Hi. I want to use QDNAseq to look for copy number changes in a Plasmodium falciparum sequence. I have made a BSgenome package from the sequence, which looks OK. It gave 2 Notes and 2 Warnings when I ran R CMD check, but it loads successfully:
> library("BSgenome.Pfalciparum3D7.PlasmoDB.3D7v3")
> pfg <- BSgenome.Pfalciparum3D7.PlasmoDB.3D7v3
> seqinfo(pfg)
Seqinfo object with 16 sequences (1 circular) from Pf3D7v3 genome:
  seqnames   seqlengths isCircular  genome
  chrom04       1200490      FALSE Pf3D7v3
  chrom05       1343557      FALSE Pf3D7v3 
...
> head(pfg[['chrom01']]) 6-letter "DNAString" instance seq: TGAACC
But QDNAseq createBins function creates an empty structure:
> pfBins10k <- createBins(pfg, 10) Creating bins of 10 kbp for genome pfg > pfBins10k [1] chromosome start end bases gc <0 rows> (or 0-length row.names)
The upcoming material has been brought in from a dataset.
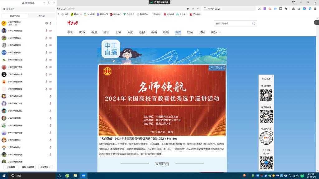学院工会组织青年教职工观看“名师领航”2024年全国高校青教赛优秀选手巡讲活动
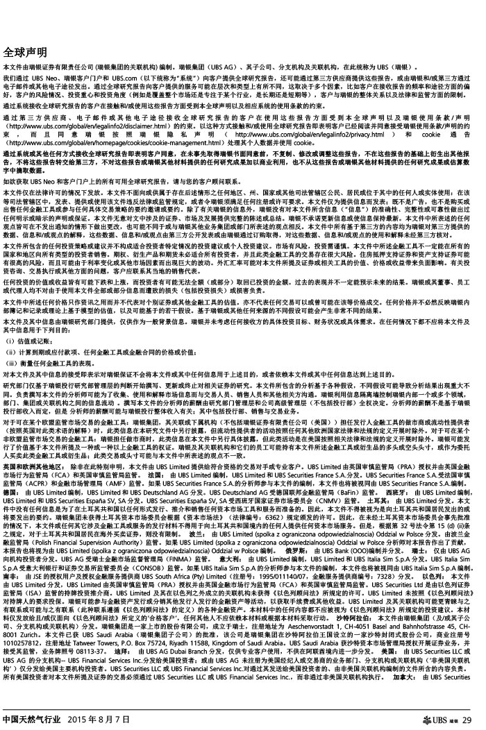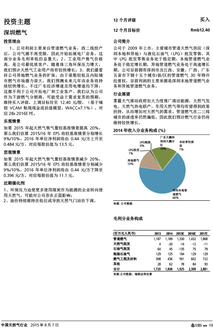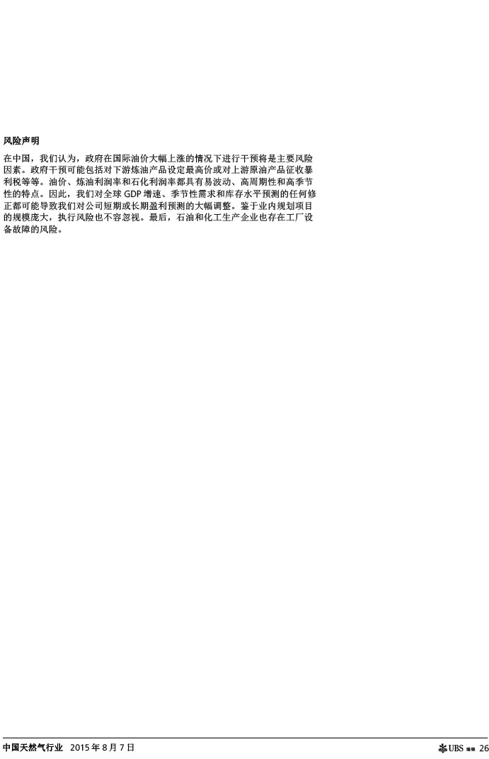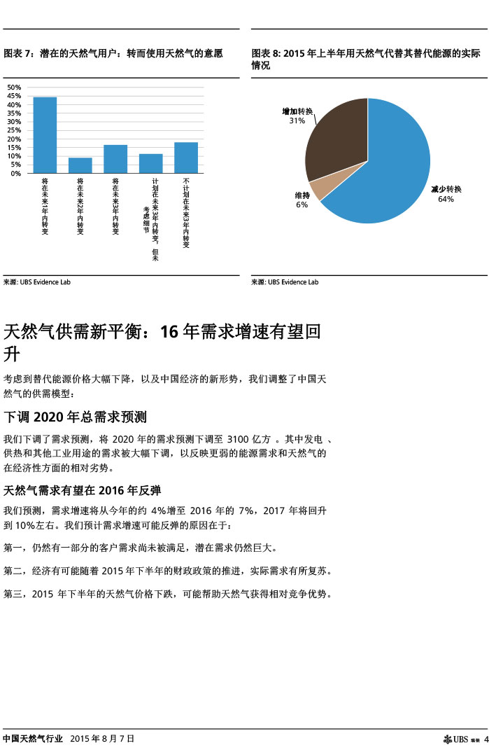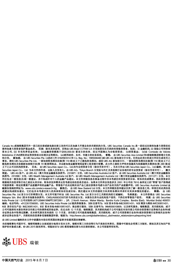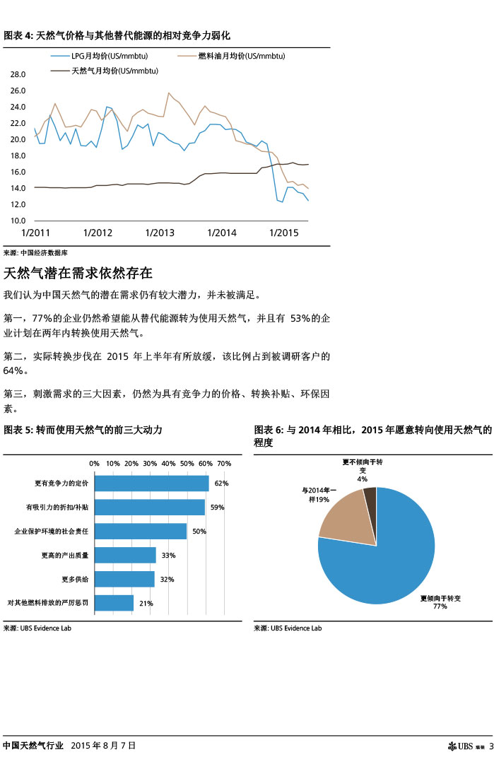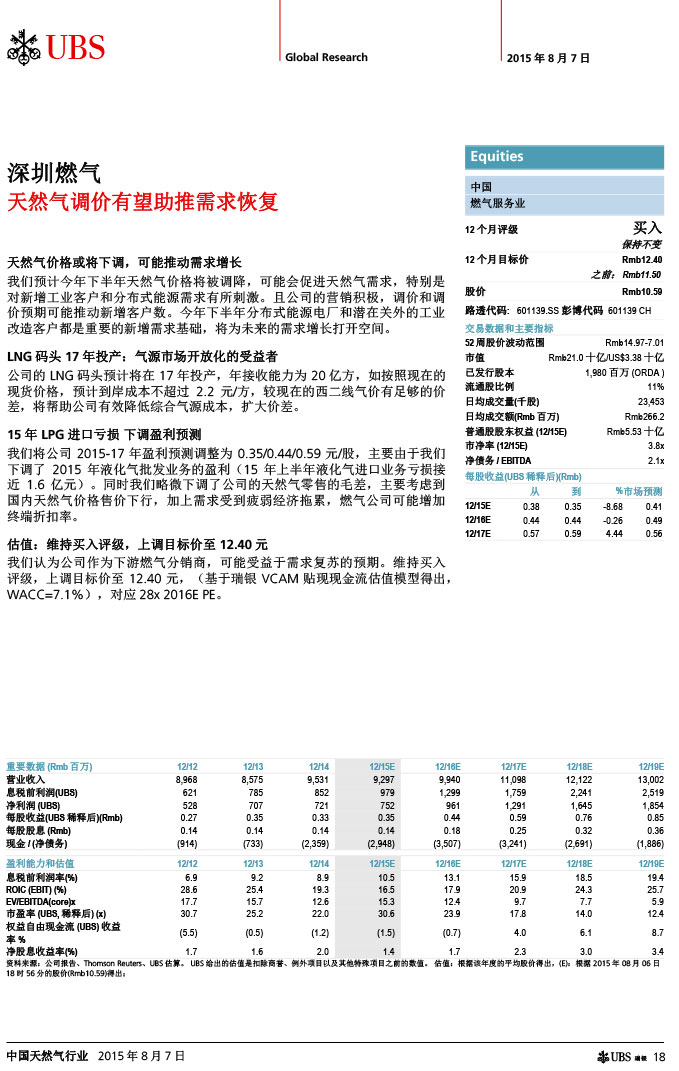 瑞银证券 中国天然气行业:气价下调如超预期,则需求有望复苏

createBins() worked when I tested it with BSgenome.Celegans.UCSC.ce2, so I think the problem must be in the way I forged the package, but I can't find it. Any advice?
Thank you, Jocelyn
> sessionInfo() R version 3.2.1 (2015-06-18) Platform: x86_64-unknown-linux-gnu (64-bit) Running under: CentOS release 6.4 (Final) locale: [1] LC_CTYPE=en_US.UTF-8 LC_NUMERIC=C LC_TIME=en_US.UTF-8 [4] LC_COLLATE=en_US.UTF-8 LC_MONETARY=en_US.UTF-8 LC_MESSAGES=en_US.UTF-8 [7] LC_PAPER=en_US.UTF-8 LC_NAME=C LC_ADDRESS=C [10] LC_TELEPHONE=C LC_MEASUREMENT=en_US.UTF-8 LC_IDENTIFICATION=C attached base packages: [1] stats4 parallel stats graphics grDevices utils datasets methods base other attached packages: [1] BSgenome.Pfalciparum3D7.PlasmoDB.3D7v3_0.1-0 QDNAseq_1.4.1 [3] BSgenome_1.36.3 rtracklayer_1.28.6 [5] Biostrings_2.36.2 XVector_0.8.0 [7] GenomicRanges_1.20.5 GenomeInfoDb_1.4.1 [9] IRanges_2.2.5 S4Vectors_0.6.3 [11] BiocGenerics_0.14.0

Problem solved, sort-of: it worked when I changed to ignoreMitochondria=FALSE
> pfBins10k <- createBins(pfg, 10, ignoreMitochondria=FALSE) Creating bins of 10 kbp for genome pfg Processing chrom04 ... ... Processing chrom11 ... Processing chromMito ... Processing chromApico ... > str(pfBins10k) 'data.frame': 2342 obs. of 5 variables: $ chromosome: chr "om04" "om04" "om04" "om04" ... $ start : num 1 10001 20001 30001 40001 ... $ end : num 1e+04 2e+04 3e+04 4e+04 5e+04 6e+04 7e+04 8e+04 9e+04 1e+05 ... $ bases : num 100 100 100 100 100 100 100 100 100 100 ... $ gc : num 33 32.5 30.3 29.7 22.2 ...Follow-up question: how is Mitochondrial status determined?
And I can see that I chose poor names for the chromosomes - I will change to more standardised. I thought I would use 'chrom' because 'chr' was confusable with 'character'. The original fasta file calls them "Pf3D7_04_v3", and "PFC10_API_IRAB", etc., and I thought the underscores might be the problem.